____ Excerpted data

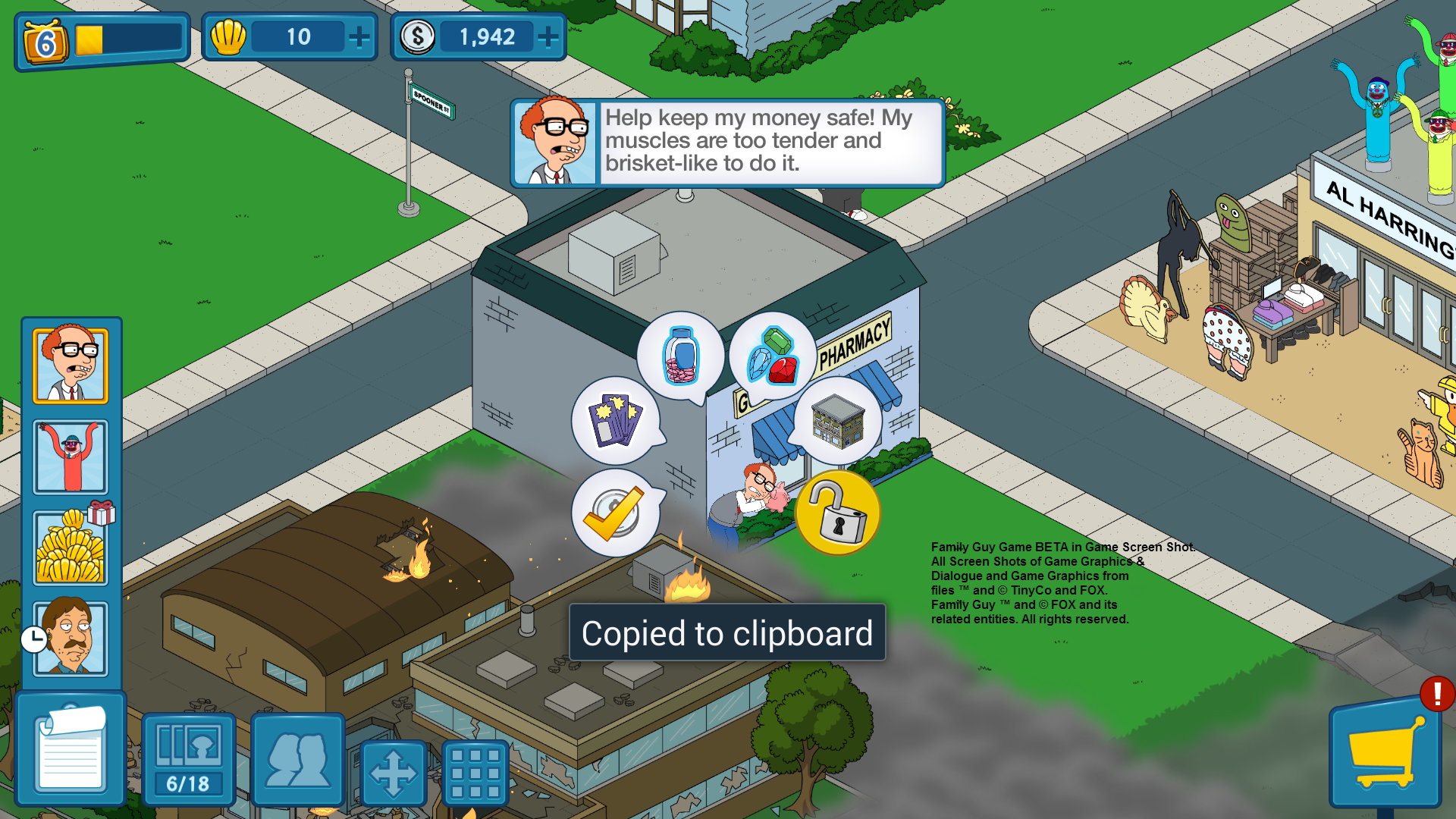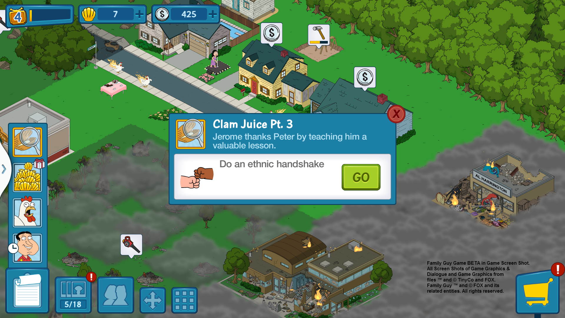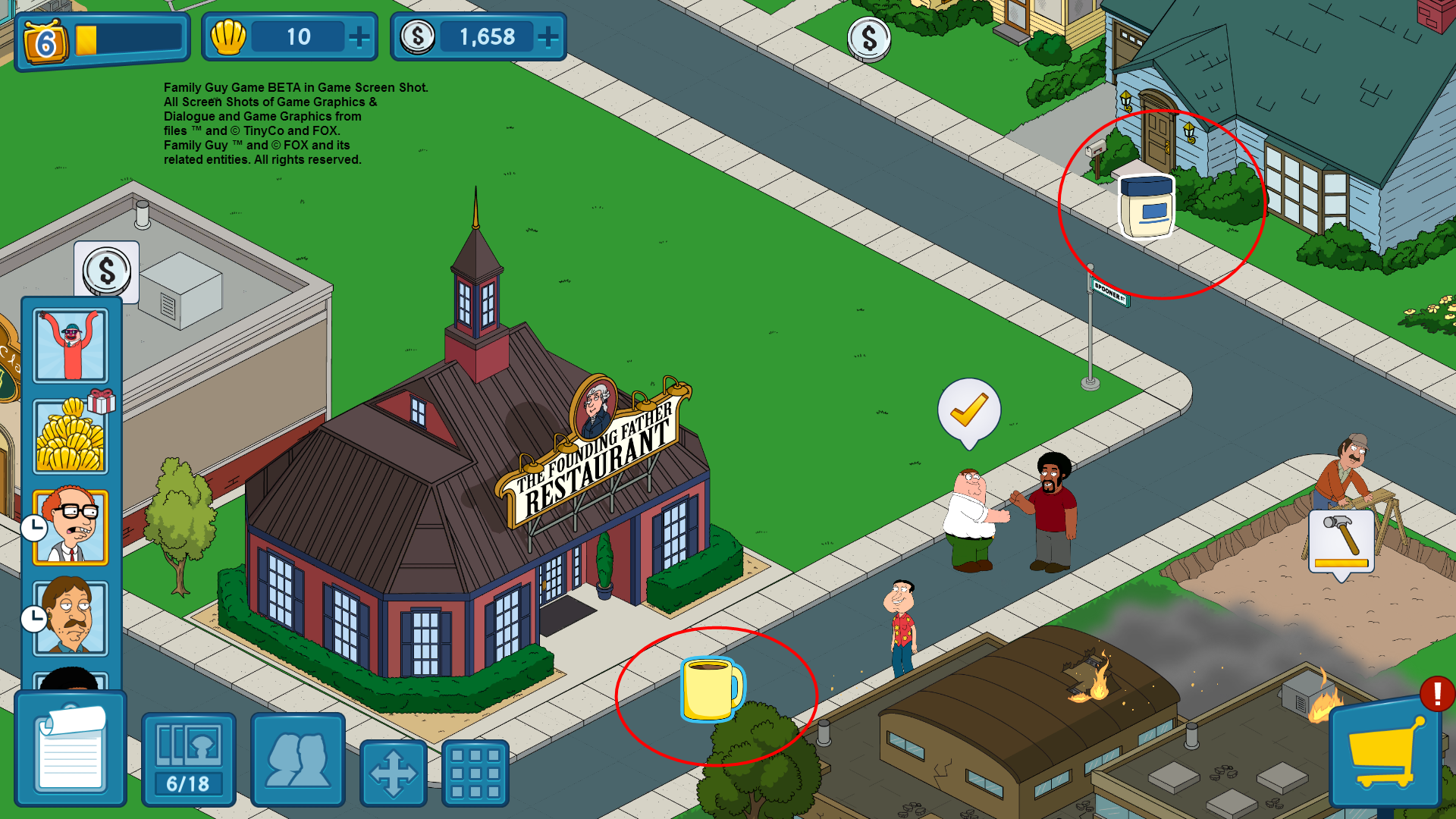 Much like other mobile games, where you’re tasked to rebuild a city for scratch, the Family Guy Game comes with quests for each character that lead to being able to unlock more buildings and sections of Quahog. Those quests are usually multiple parts and contain humorous dialog and animations by the characters. Here’s a few shots our friend sent us showing part of the tasks and some of the animation:
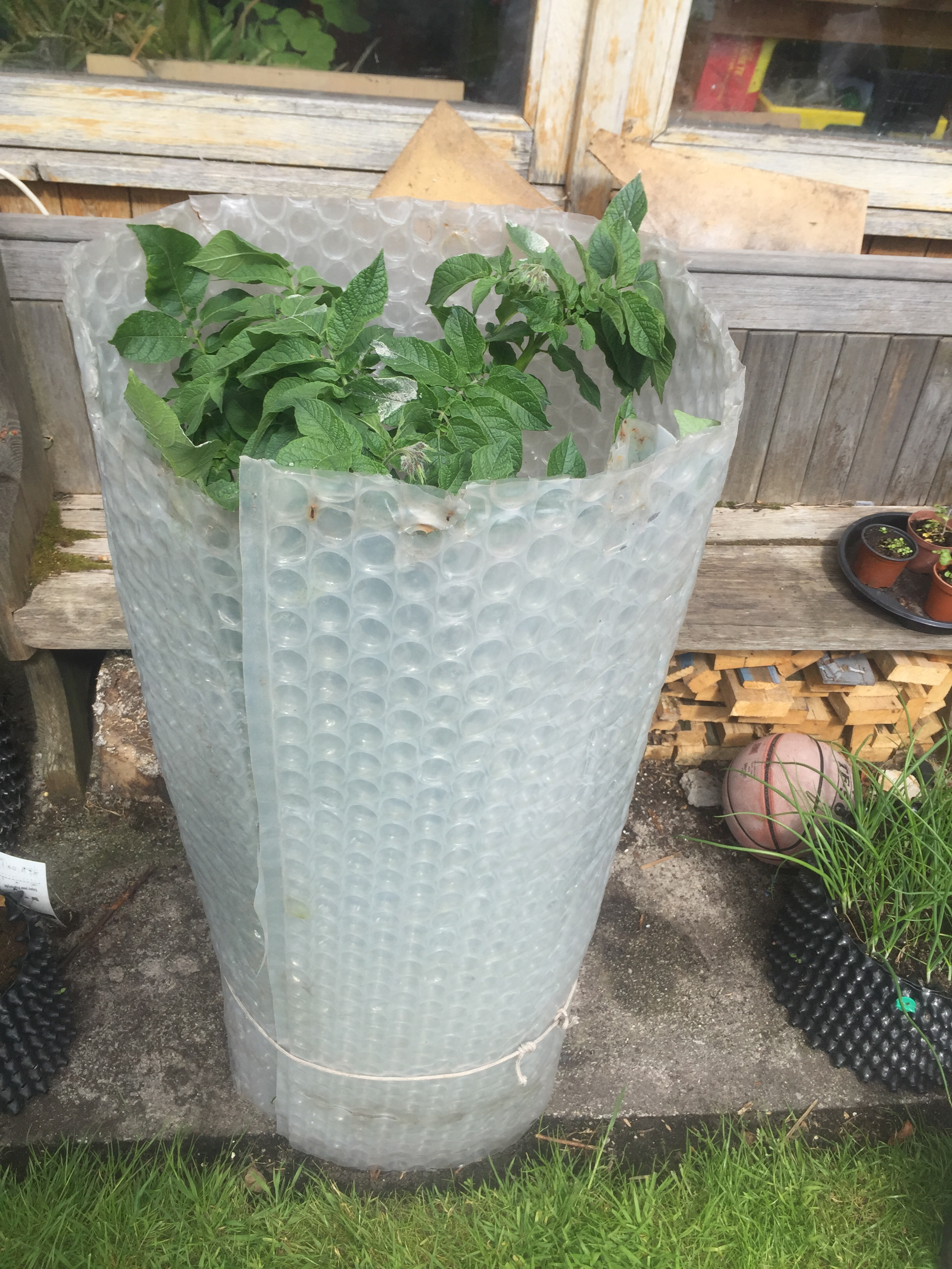 We are expecting a mid-May cold snap here in the U.K. so my potatoes at the plot have had earth mounded up over the young shoots to protect them, but the early planted Air-Pot potato tower already has big plants about to flower, luckily the clear bubble plastic stills fits around the pot and plants. With a bit of fleece on top this should mean the extra-early crop stays snug.
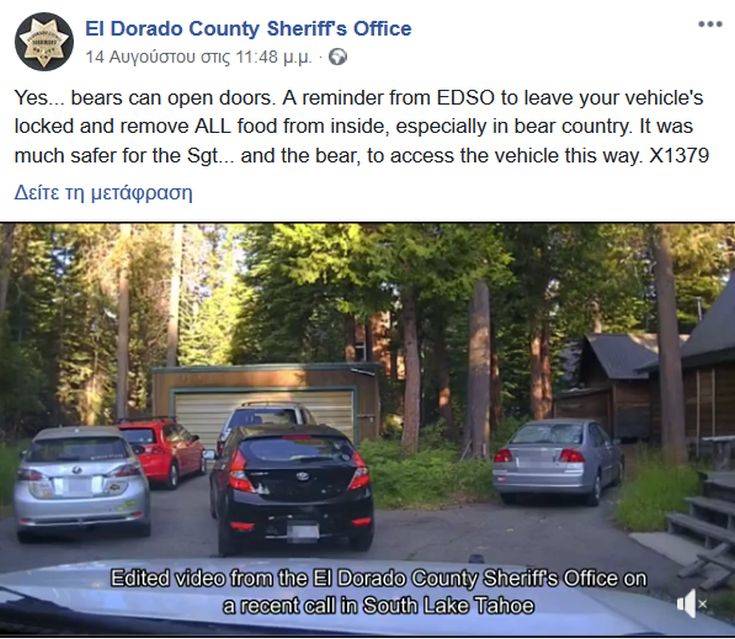 Οι οδηγίες που έχει δώσει ο σερίφης της Κομητείας Ελ Ντοράντο στην Καλιφόρνια, προς τους οδηγούς, είναι σαφείς: να μην αφήνουν τρόφιμα μέσα στο αυτοκίνητο και να κλειδώνουν πάντα τις πόρτες.
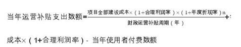 对可行性缺口补助模式的项目,在项目运营补贴期间,政府承担部分直接付费责任。政府每年直接付费数额包括:社会资本方承担的年均建设成本(折算成各年度现值)、年度运营成本和合理利润,再减去每年使用者付费的数额。计算公式为:
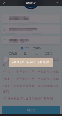 问题四:显示“手机端号码已经存在,不能绑定”
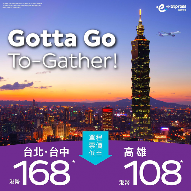 【台灣】可Open Jaw!香港快運來回連稅高雄$1,022起,台中台北$1,142起,7月11日前出發

________

▶ _Problem description_: Print all of the entries word for word. Skip any images they contain.

▶ _Written reply_:
 Much like other mobile games, where you’re tasked to rebuild a city for scratch, the Family Guy Game comes with quests for each character that lead to being able to unlock more buildings and sections of Quahog. Those quests are usually multiple parts and contain humorous dialog and animations by the characters. Here’s a few shots our friend sent us showing part of the tasks and some of the animation:
 We are expecting a mid-May cold snap here in the U.K. so my potatoes at the plot have had earth mounded up over the young shoots to protect them, but the early planted Air-Pot potato tower already has big plants about to flower, luckily the clear bubble plastic stills fits around the pot and plants. With a bit of fleece on top this should mean the extra-early crop stays snug.
 Οι οδηγίες που έχει δώσει ο σερίφης της Κομητείας Ελ Ντοράντο στην Καλιφόρνια, προς τους οδηγούς, είναι σαφείς: να μην αφήνουν τρόφιμα μέσα στο αυτοκίνητο και να κλειδώνουν πάντα τις πόρτες.
 对可行性缺口补助模式的项目,在项目运营补贴期间,政府承担部分直接付费责任。政府每年直接付费数额包括:社会资本方承担的年均建设成本(折算成各年度现值)、年度运营成本和合理利润,再减去每年使用者付费的数额。计算公式为:
 问题四:显示“手机端号码已经存在,不能绑定”
 【台灣】可Open Jaw!香港快運來回連稅高雄$1,022起,台中台北$1,142起,7月11日前出發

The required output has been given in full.